Going to Pieces

The intention in January was to draw, paint or sketch each day. Once a week is more realistic and gives me the space to come up with an idea, mentally map out the possibilities and then get down to business. Last week’s project was a collage inspired by a small oil painting my husband and I purchased in Moab (Utah) some years ago during a plein air festival. I love the colors, that entrancing edge where the sky and rock meet, the narrowing of the Colorado River as it meets the distant hills. Soon enough, I gave myself permission to improvise. Torn paper bits behave differently from oil paint applied by brush and palette knife.
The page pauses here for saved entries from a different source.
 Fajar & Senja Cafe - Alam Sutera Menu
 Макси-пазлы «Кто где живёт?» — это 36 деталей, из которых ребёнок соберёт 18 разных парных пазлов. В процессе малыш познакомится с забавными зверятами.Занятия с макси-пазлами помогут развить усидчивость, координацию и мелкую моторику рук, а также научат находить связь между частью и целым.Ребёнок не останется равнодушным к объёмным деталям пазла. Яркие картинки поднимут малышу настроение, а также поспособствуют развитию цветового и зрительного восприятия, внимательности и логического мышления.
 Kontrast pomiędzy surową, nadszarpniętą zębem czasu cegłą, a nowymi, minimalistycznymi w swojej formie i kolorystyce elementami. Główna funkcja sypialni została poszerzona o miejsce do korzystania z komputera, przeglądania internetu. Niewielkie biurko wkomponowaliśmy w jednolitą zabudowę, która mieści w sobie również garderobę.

Novice skills cannot match those honed over years of instruction and practice.
Before I began, I wrote myself a note: “This is a learning collage. A potchkeying painting.” Potchkey is this wonderful Yiddish word that calls to mind a child playing in the sand. Or the mud. To potchkey is to make a mess and have fun in the moment while doing it. So I am learning how to tear paper with a clean (not white) edge, unless I want that edge as part of the overall design. I soaked some of the blue foreground paper in water. With the resulting tint I toned down the bright orange tissue. I learned that closer objects appear darker; lighten them as they edge toward the horizon line.
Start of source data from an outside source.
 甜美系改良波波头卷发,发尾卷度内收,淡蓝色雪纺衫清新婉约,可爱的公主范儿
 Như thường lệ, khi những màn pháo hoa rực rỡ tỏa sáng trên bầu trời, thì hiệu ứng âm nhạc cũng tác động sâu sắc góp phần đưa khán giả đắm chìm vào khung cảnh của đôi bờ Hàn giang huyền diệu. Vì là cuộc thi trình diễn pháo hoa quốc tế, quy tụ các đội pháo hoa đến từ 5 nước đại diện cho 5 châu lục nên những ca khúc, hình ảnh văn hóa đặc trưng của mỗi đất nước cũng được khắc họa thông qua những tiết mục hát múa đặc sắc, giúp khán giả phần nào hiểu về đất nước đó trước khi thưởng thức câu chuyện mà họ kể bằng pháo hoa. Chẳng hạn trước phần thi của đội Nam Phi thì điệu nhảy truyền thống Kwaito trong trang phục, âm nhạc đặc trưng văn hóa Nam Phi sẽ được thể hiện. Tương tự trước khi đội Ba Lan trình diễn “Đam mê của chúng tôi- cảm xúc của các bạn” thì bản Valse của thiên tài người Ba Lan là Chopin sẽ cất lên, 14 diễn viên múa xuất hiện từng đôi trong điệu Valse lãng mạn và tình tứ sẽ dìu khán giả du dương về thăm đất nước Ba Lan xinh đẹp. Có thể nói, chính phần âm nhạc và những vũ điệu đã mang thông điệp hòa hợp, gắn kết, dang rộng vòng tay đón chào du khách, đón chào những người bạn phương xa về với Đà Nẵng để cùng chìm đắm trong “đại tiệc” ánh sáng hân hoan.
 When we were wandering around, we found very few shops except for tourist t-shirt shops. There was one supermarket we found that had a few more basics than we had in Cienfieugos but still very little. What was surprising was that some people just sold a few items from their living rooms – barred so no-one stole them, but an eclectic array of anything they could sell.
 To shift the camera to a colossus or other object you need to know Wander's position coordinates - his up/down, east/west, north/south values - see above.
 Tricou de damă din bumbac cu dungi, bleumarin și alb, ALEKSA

At first I thought it was a mistake to have left the sky for last —— wouldn’t I mess the whole thing up edging paint against the mountain peaks? I learned something there too. Not everything can, or should, be planned. Serendipity can lend crucial improvements. The blue in my mind’s eye looked awful when I held a sample close. Adding a bit of black to the blue lent some much needed weight. The flat brushstrokes contrasted crisply with the land formations; where my hand wavered, so what?
Yes, this was a learning collage and a great potchkeying experience, too. I really enjoyed all the cutting, tearing, and gluing. I loved the tactile messiness of it. The best thing I learned? I loved what I was doing. And that’s all that really matters.
Alas, the artist’s name is illegible.